永田町の浅はかさを見るにつけ、最早「英雄待望論」やら「強いリーダーシップ」などという「人任せ」「丸投げ」政治では、国民の平穏な生活は守れなくなったように感じてなりません。
「自分で考える」という事は、「自分の価値観で物事を計る」という事。そして、自ら選択したその結果に責任を持つ(=誰の所為にもしない)という事でしょう。
「強いリーダー」「英雄」「救世主」などとマスコミで持ち上げられている「人気者」に全てを預けてしまうのは、あまりに危険ではないでしょうか。
それは、まかり間違えれば、最悪の「独裁者」を生んでしまいます。(実際、ナチスは国民に選挙で選ばれた合法政権でした)
被害を被った後になって「どうしてこうなった?」と文句を言っても、それは自ら判断する事を怠ったツケに他ならないと思います。
筆者自身、震災と原発事故をきっかけに、己の勉強不足と見識の浅さを人生で一番呪った程です。

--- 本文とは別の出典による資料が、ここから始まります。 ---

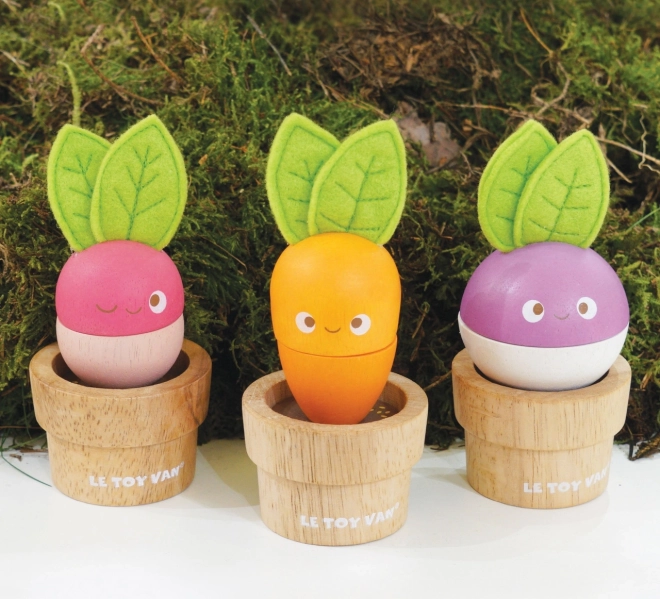Prisrčen komplet lesenih lončkov za rože z zelenjavo znamke LE TOY VAN spodbuja fino motoriko, koordinacijo oko–roka in domišljijo. Otroci lahko mešajo in sestavljajo posamezne dele v korenček, redkvico in peso ali ustvarjajo lastne kombinacije. Igrača je izdelana iz trajnostnega lesa, ima volnene (filc) listke in je ročno dodelana z netoksičnimi barvami na vodni osnovi.

(その勢いで当ブログが出来てしまいましたw)

東日本大震災では、日本の悪伝統たる「上層部の無能力」と同時に、伝統の「現場力」「末端力」が示されました。
行政は勿論、民間も同じです。
東北や北関東の企業が被災した事で、大手が如何に下請けの技術に頼っていたのかがわかった筈です。
裏を返せば、大手は資金力、員数、販売ルート、人脈などを兼ね備えた強力な組織を持つ一方で、重要部品の開発や製造は下請けの中小に任せきりだった側面もあったのです。
「グローバル」「競争力」などといった錦の御旗を振りかざして人件費や設備投資をケチるのではなく、日本にしか出来ない新技術の研究・新製品の開発・新市場開拓の開拓に力を注ぐ事こそ、より発展的な資金の使い方ではないかと思えてなりません。
技術は人に付くものであって、組織につくものではありません。
人は石垣、人は城。
言わずと知れた戦国大名・武田信玄の言葉です。これは現代企業にも言える金言ではないでしようか。

研究・開発・製造・販売・企画・事務・会計・人事etc...
これら一人一人の力を結集し、より大きな仕事を成し遂げさせる「手助け」として間を調整したり環境を整えたりする為にこそ、「組織」即ち「会社」の存在が必要とされるのです。
組織は人ありき。構成する人材の優秀さが組織の優秀さです。
「勇将の下に弱卒なし」というのは、同じ力を持った兵でも率いる大将が勇敢ならば尚宜しいという意味だと個人的には解釈します。
勇将が指揮を取れなくなった途端に弱卒に逆戻りするような組織は、真の組織とは言えません。
危機的状況下でこそ機能しなければ、わざわざ組織を組んでいる意味がないと思うからです。

「リーダー不在」ではなく「リーダー不要」。
構成員は誇りと責任を持って「組織を動かして」いければ理想的だと思います。
構成員が指示待ちに徹して「組織に動かされる」ようでは職業意識が疑われても仕方がないのではないでしょうか。
そして、真のリーダーとはメンバーを力で従えるのではなく、メンバーが活躍出来る環境を整えて育て、やがては独り立ちさせる「親」のような存在であって欲しいと願ってやみません。